Employees at French cosmetics giant L’Oréal have been returning to the office three days a week for more than a year. But the company’s upper management decided that wasn’t enough. Starting last week, employees are required to work twice a month on Fridays. The company’s 87,000 employees were informed of the new rules last month, which went into effect Thursday. Sunday Times report. Executives say they hope the new rules will “encourage employee collaboration.” times.
Things weren’t always like this. Back in November 2022, L’Oréal US CEO David Greenberg, like many of his colleagues, announced that employees would have to return to the office three days a week. Mr. Greenberg was content to accept an agreement in which employees at the cosmetics giant’s West Coast headquarters in El Segundo, California, would be welcomed back with a personal butler.
For $5 an hour, permanent employees at L’Oréal, whose subsidiaries include Kiehl’s, Maybelline and La Roche-Posay, can hire a concierge to help with personal chores. Los Angeles Times It was reported at the time. This includes things like driving to the gas station, picking up laundry, and taking your pet to dog daycare.
L’Oréal has offered concierge benefits in some form since 2009, but with everyone going remote during the pandemic, they’ve taken on new importance as a bargaining chip to get employees back to their desks. Ultimately, the company was in a better position than other companies. The office has a gym, restaurant, tons of free merchandise, and even a coffee bar that doubles as a bar. luck Reported in 2022.
Still, the near-free concierge benefit is the crown jewel. L’Oréal subsidized the cost of these concierges, and CEO Greenberg felt it was worth it. “We are in a human-driven industry,” Greenberg said. LA Times. “[There is] It requires engagement, creativity, sharing and learning from each other. ”

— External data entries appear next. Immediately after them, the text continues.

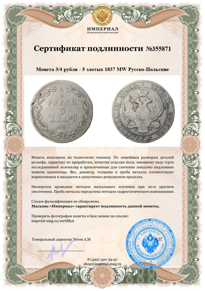 Номинал3/4 рубля - 5 злотых
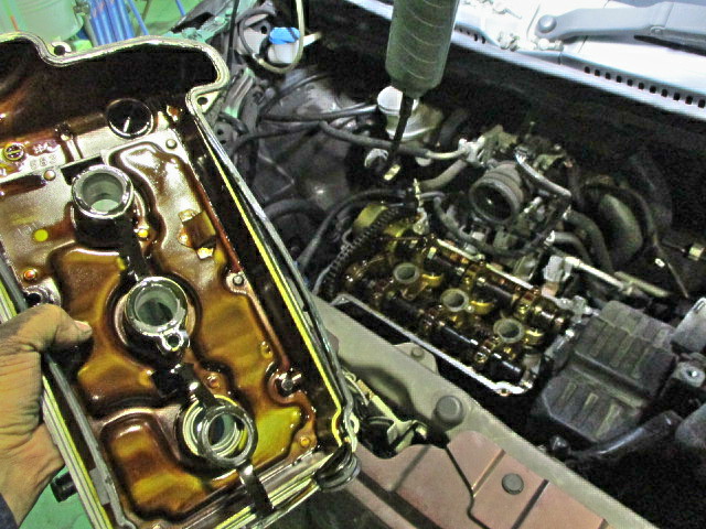 2015年12月2日2017年11月2日Car's MNo Comments MF22SのMRワゴンは車検でのご入庫、 今回はタイヤ交換、ATF交換、 そしてヘッドカバーからのオイル漏れが顕著でしたので、 作業させていただきました。 よくオイル交換されてきているようですが、 内部はこんな具合です。 まずまず、といった感じでしょうか。 今後もかかさずオイル交換を実施しましょう、 ありがとうございました! 関連
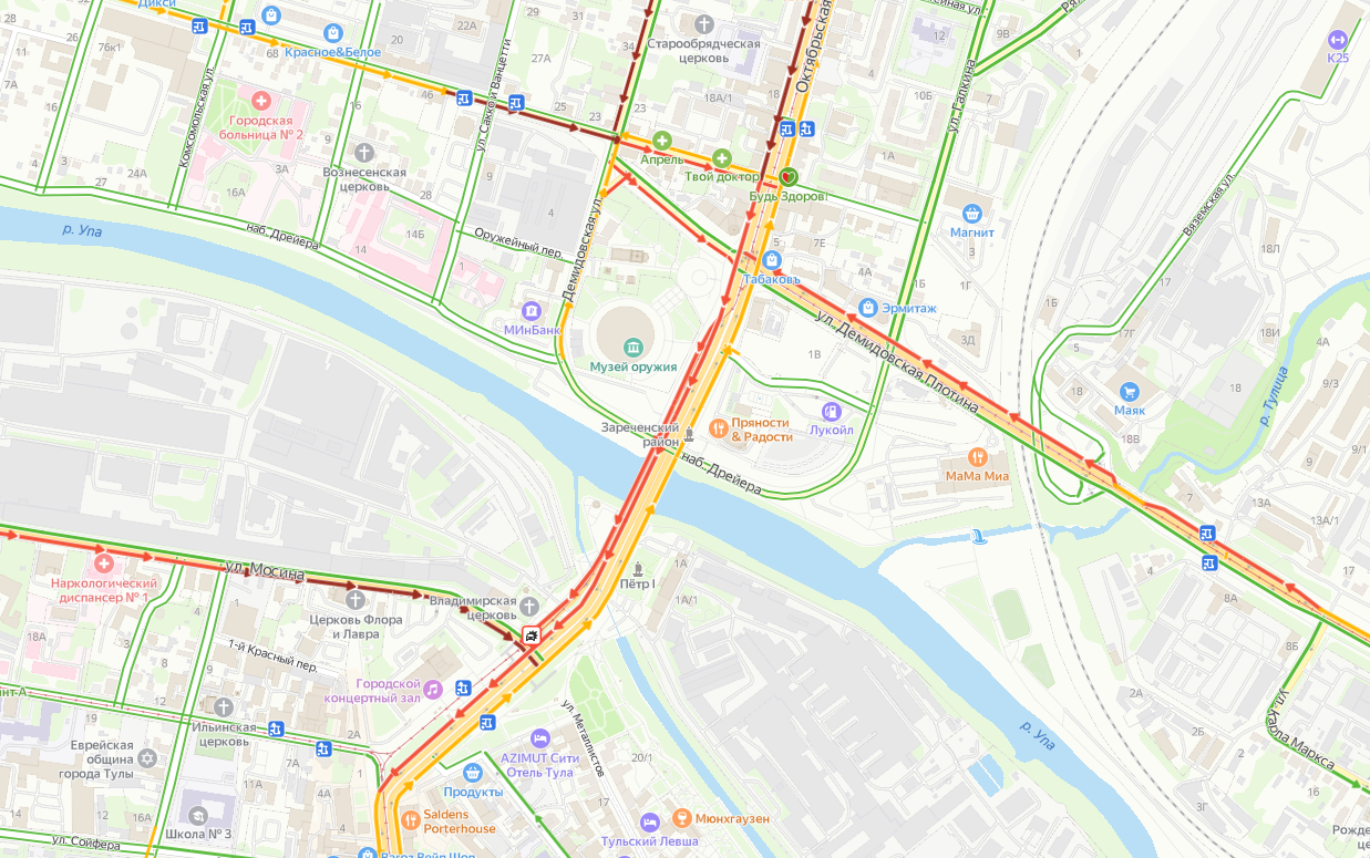 Затор начинается на Зареченском мосту. В социальных сетях очевидцы пишут, что одному из водителей во время движения стало плохо. Пожилому мужчине вызвали скорую.

Of the large companies that have similarly enacted return-to-office mandates, including Meta, Salesforce, and Google, only L’Oréal made a real effort to make the deal more favorable. Other companies have actually worked backwards, stripping workers of benefits they enjoyed during the pandemic. (Meta is ending free laundry and dry cleaning benefits in 2022 and shortening the cut-off time for free meal rules from 6:30 p.m. to 6 p.m.)

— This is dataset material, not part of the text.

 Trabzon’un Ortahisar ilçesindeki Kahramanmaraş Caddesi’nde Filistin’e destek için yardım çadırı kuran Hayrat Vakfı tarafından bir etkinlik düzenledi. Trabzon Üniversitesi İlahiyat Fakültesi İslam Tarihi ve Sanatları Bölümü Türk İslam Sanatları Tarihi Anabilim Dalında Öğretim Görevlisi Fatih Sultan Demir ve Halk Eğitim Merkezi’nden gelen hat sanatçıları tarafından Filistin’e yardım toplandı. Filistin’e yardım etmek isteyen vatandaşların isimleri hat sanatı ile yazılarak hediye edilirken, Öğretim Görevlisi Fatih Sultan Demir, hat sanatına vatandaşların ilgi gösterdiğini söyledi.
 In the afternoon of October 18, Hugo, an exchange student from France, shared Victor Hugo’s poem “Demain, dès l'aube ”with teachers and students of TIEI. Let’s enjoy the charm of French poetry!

passion, attachment, creativity
At the World Economic Forum in Davos last month, Nicolas Hieronymus, the company’s global CEO, said that even if they come to work three days a week, employees lack “passion, attachment and creativity.” said.

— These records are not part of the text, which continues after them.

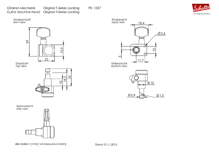 Pour information, Schaller a longtemps travaillé pour Fender. Jusqu'au jour où la marque américaine a préféré délocaliser une partie de la production pour des raisons de coûts. C'est pourquoi Schaller offre toujours des mécaniques de qualité coulées avec des métaux allemands réputés.
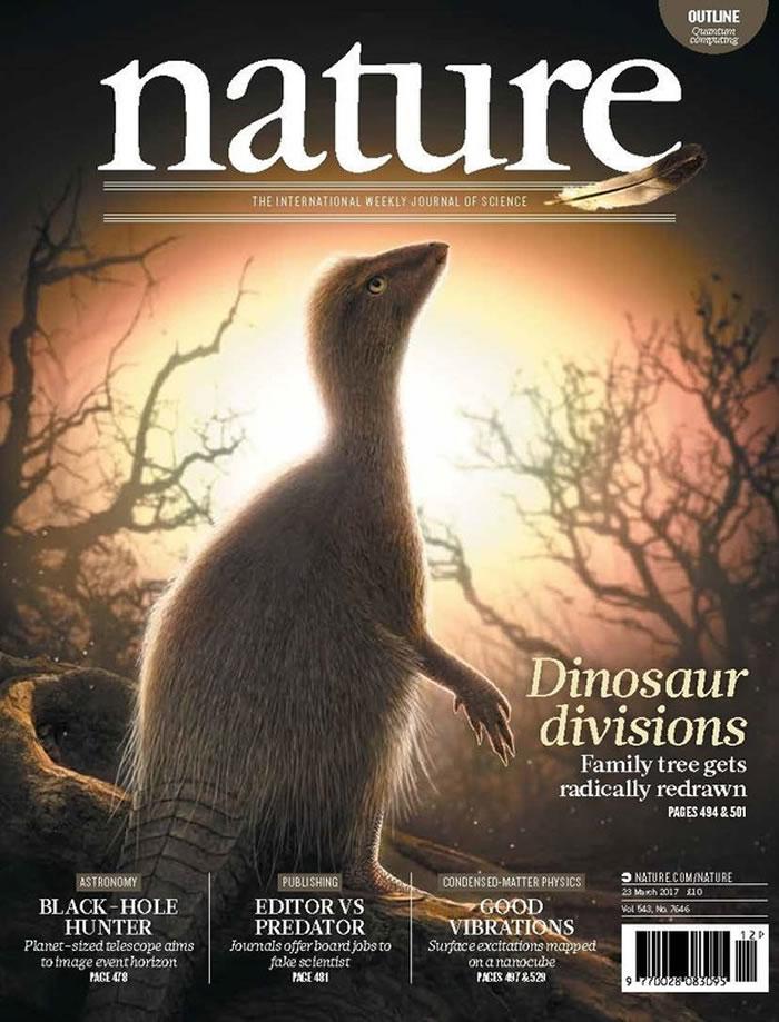 (化石网报道)据《自然》中文版:《自然》杂志本期封面所示艺术想象图展示的是,鸟臀目恐龙库琳达奔龙(Kulindadromeus)抬头仰望始祖鸟科非对称飞羽。这种羽毛被认为只存在于兽脚亚目恐龙中,但是,如果Matthew Baron及同事提出的恐龙关系假说被证实,那么就需要改变这种认知。
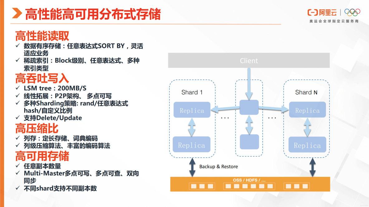 开源的ClickHouse它的高性能以及高可用分布式存储,主要是从这些方面去实现的。首先它的高性能读取,在数据存储时,它会根据排序键有序地存储数据。然后索引是组建的轻索引,它是Block级别的大粒度索引,所以在分析场景上是比较适合的。但是ClickHouse对于点查询来说,它的性能并不是很好。
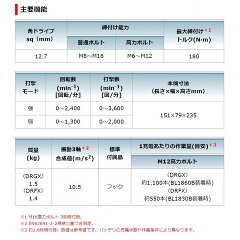 ●標準付属品:フック ※バッテリ・充電器・ケース別売
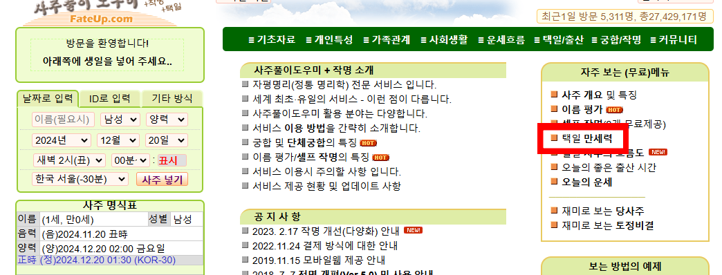 만세력 사주보는방법 (인터넷 무료 만세력)
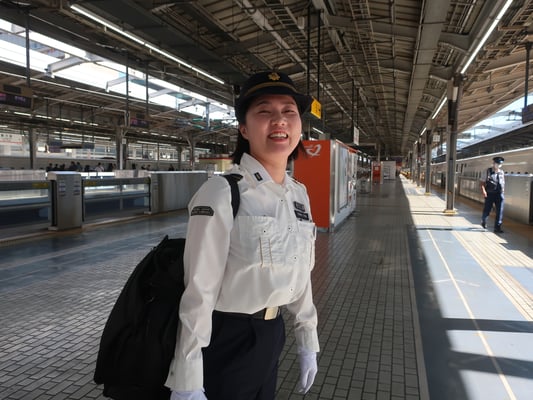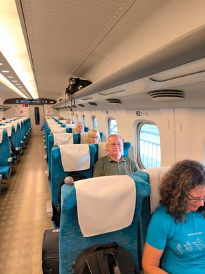 Wir fahren mit dem Shinkansen von Shin- Osaka nach Tokio.

If you ask other business leaders, this is an unusual move. Over the summer, Stephen Ross, the billionaire chairman of Vornado Corporation, one of New York City’s largest commercial landlords, publicly deemed Friday “to perish forever,” and even Monday as in jeopardy. Ta.
“I thought it would be more stable this way, but it turned out…Friday.” [is] Nick Bloom, an economist and home health expert at Stanford University, said he is increasingly winning in the WFH stakes. luck Email in August. “I think this is part of a larger push towards coordinated hybrid, where our companies are encouraging people to come to work on the same day.”
Perhaps unsurprisingly, Fridays are always the busiest day in the office. Average workers jumped at the chance to start their weekends a little earlier, and even before the pandemic, the appeal of “Summer Fridays” spoke to the general public’s desire for a softer Saturday. With the growing push for a four-day work week, with Fridays typically cut first, it’s no wonder L’Oréal is one of the few companies to specifically mandate Fridays.
Not so as far as L’Oreal is concerned. That’s one reason L’Oréal “got serious” about returning to the office after the pandemic, Hieronymus continued in Davos. Now they say, ‘Oh my God, that was a mistake, please come back.’ ”
“I think it’s important to be in the office. It’s about serendipity. It’s about meeting people,” Hieronymus said, adding that remote work is “very bad” for workers’ mental health. On the other hand, in-person work is “essential for the company and for the employees. It’s also fair to the blue-collar workers who work in the factories every day.”